All Important Histories
Most importantly, all histories need at least a symptom or sign that addresses the relevant clinical history at the maximum level of certainty. “Pain,” “swelling,” “bleeding,” “HTN” are all minimally acceptable. Knowing if the patient has a history of trauma (and knowing the mechanism) is also essential, but this alone is insufficient. The radiologist knows what you mean when you write “MVC” as the indication on a chest x-ray, but for coding purposes there needs to be a symptom or sign as well (eg. CP s/p MVC, or SOB s/p MVC). If the patient is immunocompromised and there is concern for infection, please convey the immune status (“HIV,” “kidney txp,” “lung CA on chemo”).
Histories that contain “rule out” can be of value to the radiologist, but cannot be used for reimbursement purposes. For instance, instead of “r/o apply,” “RLQ pain” will satisfy reimbursement. Similarly, “r/o PTX” means radiology will not be paid, but “chest pain” or “SOB” satisfies the insurance companies. If a proper history is first provided, and there is a specific diagnosis to which the ordering physicians wishes to attune the radiologist, feel free to specify that diagnosis in the comments field.
Here are some useful pointers for the following routinely ordered studies:
Chest X-Rays: knowing the broad indication is usually all that is necessary. For instance, “HTN,” “chest pain,” “SOB,” “fever,” or “cough” will suffice. As always, knowing the trauma history and immune status if concern for infection is important. If a procedure has been performed, please note this.
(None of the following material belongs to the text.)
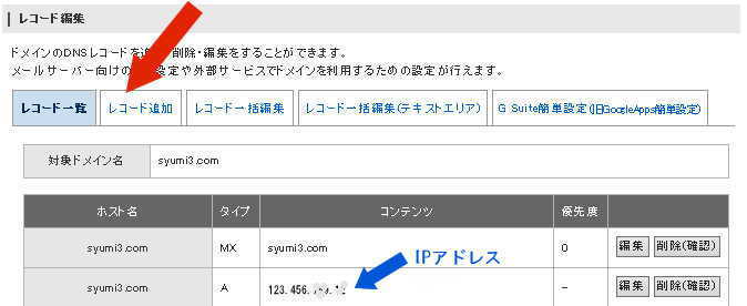 - DNSレコードに「www.syumi3.com」があるか確認
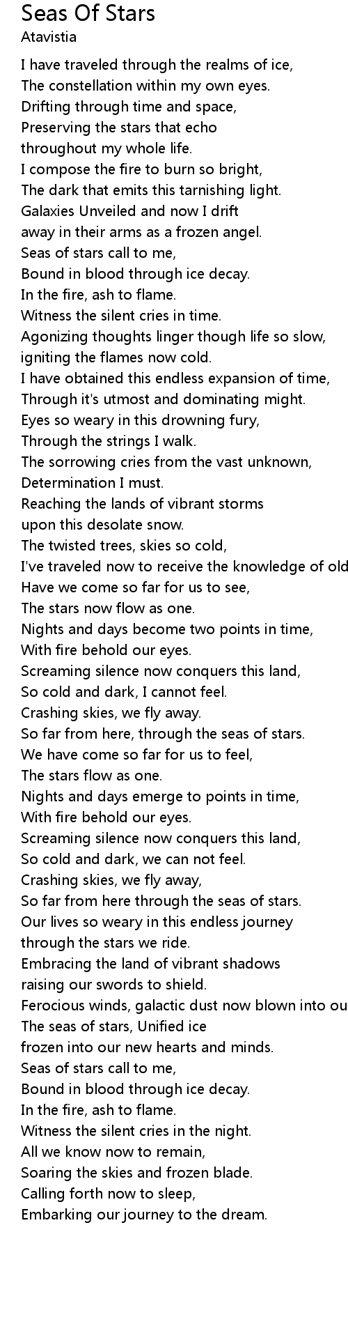 Seas of stars call to me, |

Extremity X-Rays: for extremity trauma, specify what hurts and provide relevant trauma history (including if no trauma is present). If concern for infection/osteomyelitis, specify “open wound” or “cellulitis.”
Abdominal imaging: please provide location of any symptoms (eg. RLQ, epigastric, back) and broadly any relevant clinical data (elevated WBC, elevated LFTs, hematuria). For abdominal studies relevant medical history is very useful. For abdominal plain films, a history of “r/o SBO” is insufficient; “pain” or “N/V” is satisfactory.
Neuro imaging: generally explain the symptoms/signs and laterality. “Stroke” is much less useful than “RUE weakness” or “acute onset cerebellar signs.” Minimalist, but sufficient histories include: “headache,” “neck pain,” “altered mental status.” Again, providing relevant trauma history is important. Specifying if a patient is on anticoagulants can also be helpful.